## [SUPPLIED MATERIAL]
-- Opening Marker --

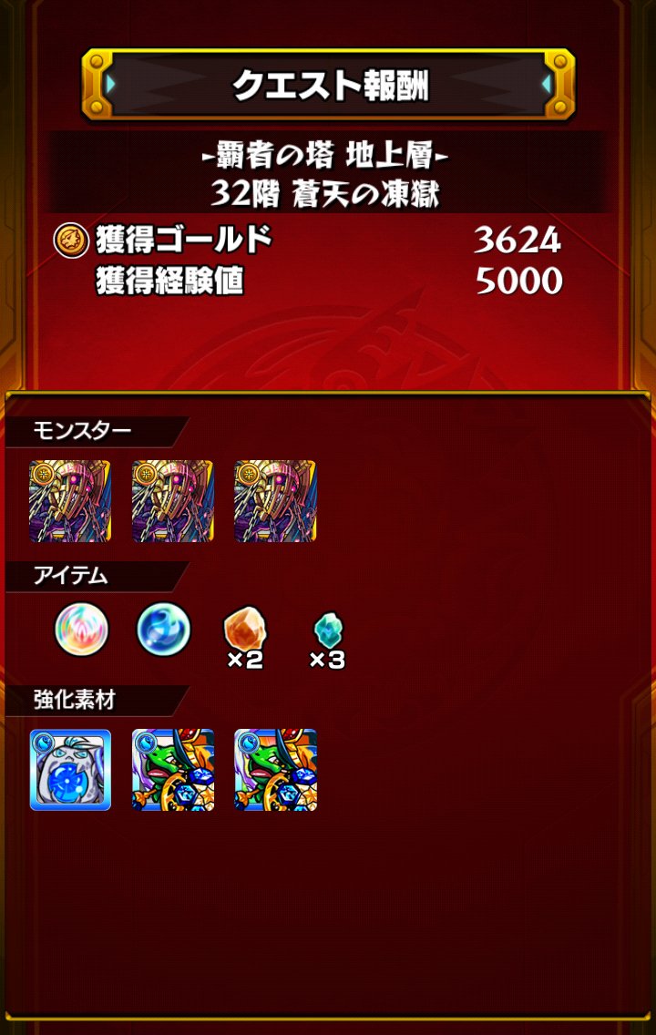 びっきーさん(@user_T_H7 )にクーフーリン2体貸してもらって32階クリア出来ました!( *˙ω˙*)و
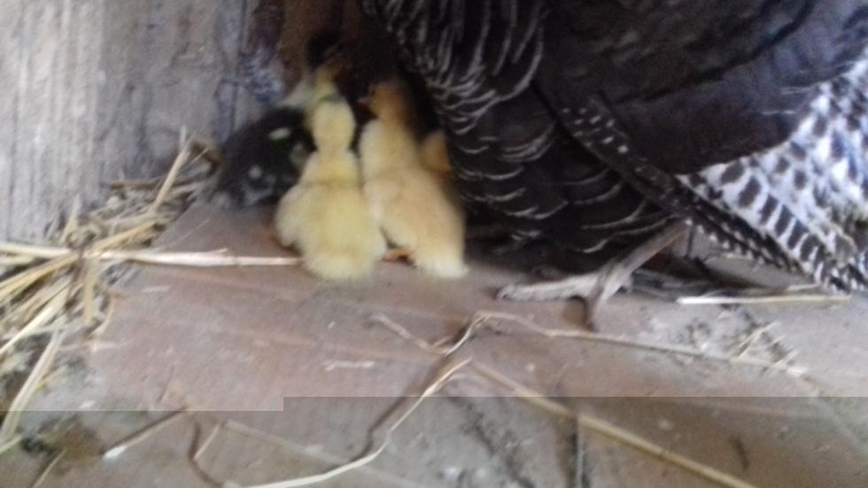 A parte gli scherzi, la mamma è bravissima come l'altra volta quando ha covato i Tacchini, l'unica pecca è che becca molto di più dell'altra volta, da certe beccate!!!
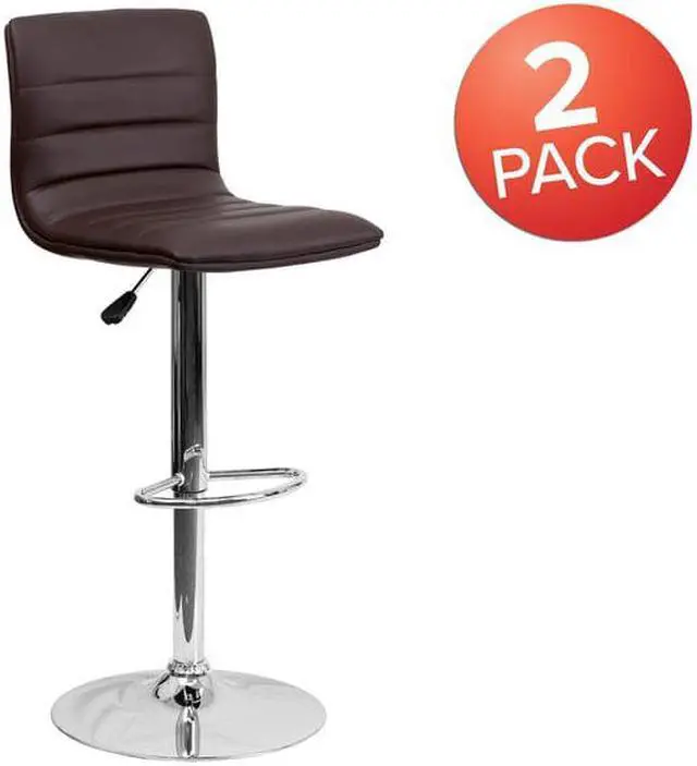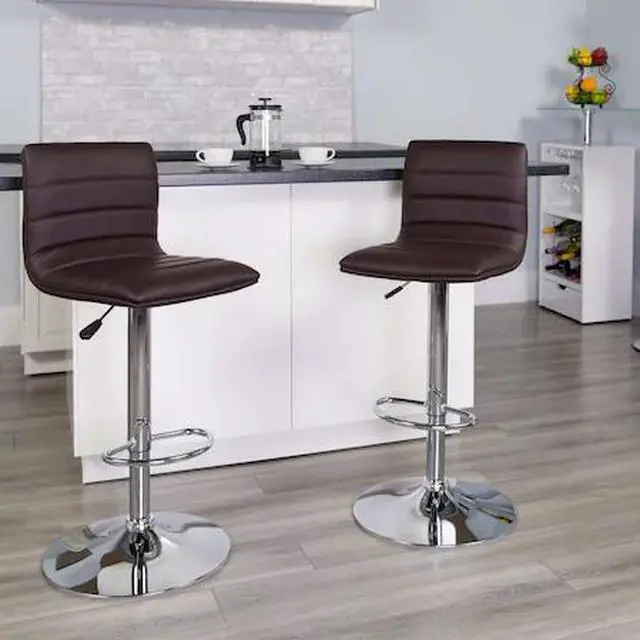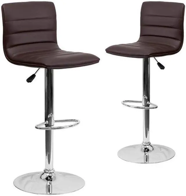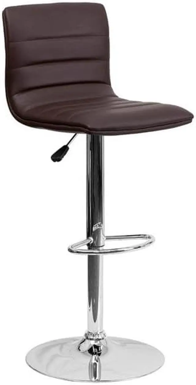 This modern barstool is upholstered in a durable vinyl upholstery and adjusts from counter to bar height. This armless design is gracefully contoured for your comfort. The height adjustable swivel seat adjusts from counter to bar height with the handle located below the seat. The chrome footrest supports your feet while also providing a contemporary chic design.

-- Closing Marker --
-- Opening Marker --

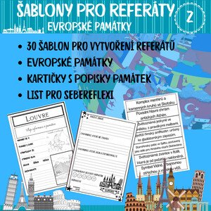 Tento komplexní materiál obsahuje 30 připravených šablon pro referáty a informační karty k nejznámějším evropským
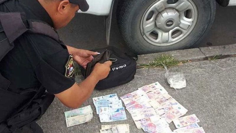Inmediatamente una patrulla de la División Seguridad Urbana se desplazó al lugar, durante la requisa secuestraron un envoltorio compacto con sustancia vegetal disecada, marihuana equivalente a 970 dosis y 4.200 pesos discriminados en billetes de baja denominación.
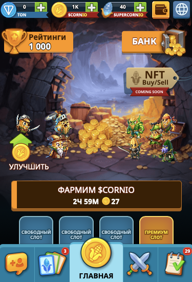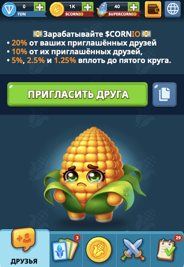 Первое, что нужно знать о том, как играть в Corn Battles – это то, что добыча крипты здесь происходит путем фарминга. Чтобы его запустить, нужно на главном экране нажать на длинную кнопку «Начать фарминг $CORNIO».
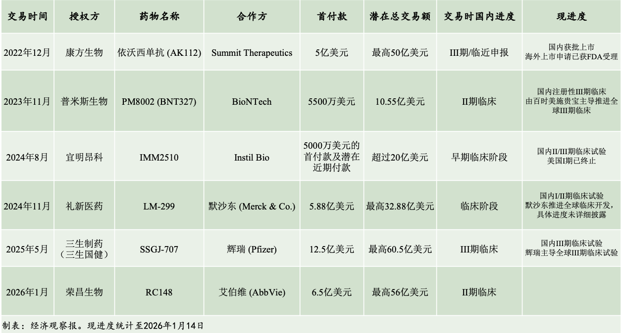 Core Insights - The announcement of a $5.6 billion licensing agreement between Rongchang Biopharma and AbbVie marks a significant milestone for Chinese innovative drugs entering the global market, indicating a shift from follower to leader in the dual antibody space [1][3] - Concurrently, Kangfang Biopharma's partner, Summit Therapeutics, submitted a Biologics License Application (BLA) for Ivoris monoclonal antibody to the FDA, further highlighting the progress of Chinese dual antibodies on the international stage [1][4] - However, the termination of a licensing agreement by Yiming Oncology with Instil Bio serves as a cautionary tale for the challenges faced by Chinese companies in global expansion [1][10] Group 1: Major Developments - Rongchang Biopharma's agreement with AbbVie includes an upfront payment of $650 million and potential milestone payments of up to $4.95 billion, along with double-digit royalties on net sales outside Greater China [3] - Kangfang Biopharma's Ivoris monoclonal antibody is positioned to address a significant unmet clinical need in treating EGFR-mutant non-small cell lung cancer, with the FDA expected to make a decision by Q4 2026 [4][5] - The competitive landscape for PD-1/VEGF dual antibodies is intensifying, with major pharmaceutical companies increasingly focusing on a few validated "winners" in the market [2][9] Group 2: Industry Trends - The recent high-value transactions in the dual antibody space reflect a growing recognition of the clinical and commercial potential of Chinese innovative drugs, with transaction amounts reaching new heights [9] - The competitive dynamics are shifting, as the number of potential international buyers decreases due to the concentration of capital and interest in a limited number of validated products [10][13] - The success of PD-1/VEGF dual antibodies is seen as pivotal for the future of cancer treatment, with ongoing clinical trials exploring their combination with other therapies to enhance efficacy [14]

-- Closing Marker --

## [EXERCISE INSTRUCTIONS]
Although pictures appear among the records above, write out exactly only the lines from the one that has "A parte gli" through the one that has "This modern barstool", and leave the pictures out.

## [EXERCISE RESULT]
 A parte gli scherzi, la mamma è bravissima come l'altra volta quando ha covato i Tacchini, l'unica pecca è che becca molto di più dell'altra volta, da certe beccate!!!
 This modern barstool is upholstered in a durable vinyl upholstery and adjusts from counter to bar height. This armless design is gracefully contoured for your comfort. The height adjustable swivel seat adjusts from counter to bar height with the handle located below the seat. The chrome footrest supports your feet while also providing a contemporary chic design.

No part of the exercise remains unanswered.